-- STORED DATA follows --

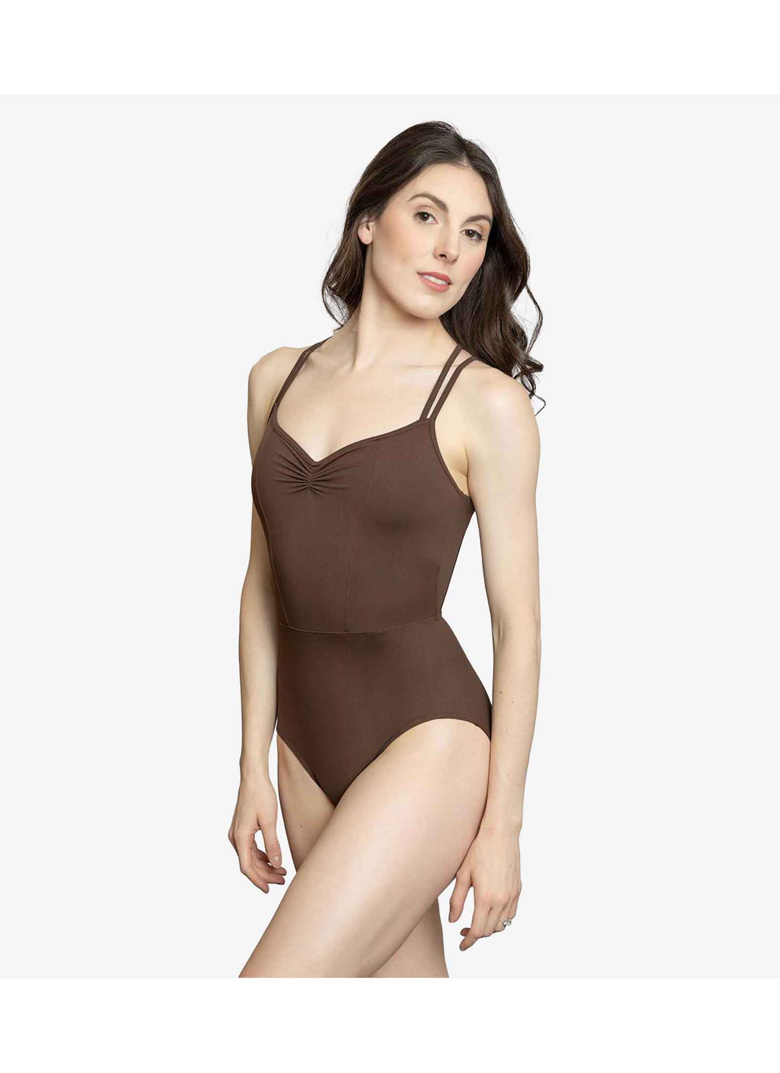 Adult camisole with rushed front detail and double strap design. A keyhole open back with intersecting straps.
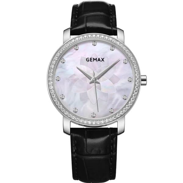 Gemax - ساعة جلد للنساء 52169-CP-B1-DW، مقاس 33 ملم، اسود، تناظري
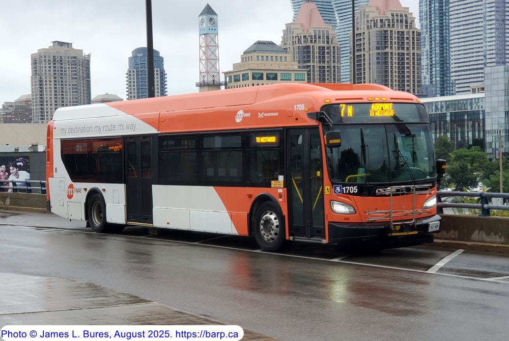 1705 at the Mississagua City Centre Terminal as a route 7N after being repainted into the orange livery. |

-- STORED DATA concluded --

» WHAT THIS TASK INVOLVES:
Only the pictures are to be dropped; all other material above must be repeated exactly.

» COMPLETED EXERCISE:
 Adult camisole with rushed front detail and double strap design. A keyhole open back with intersecting straps.
 Gemax - ساعة جلد للنساء 52169-CP-B1-DW، مقاس 33 ملم، اسود، تناظري
 1705 at the Mississagua City Centre Terminal as a route 7N after being repainted into the orange livery. |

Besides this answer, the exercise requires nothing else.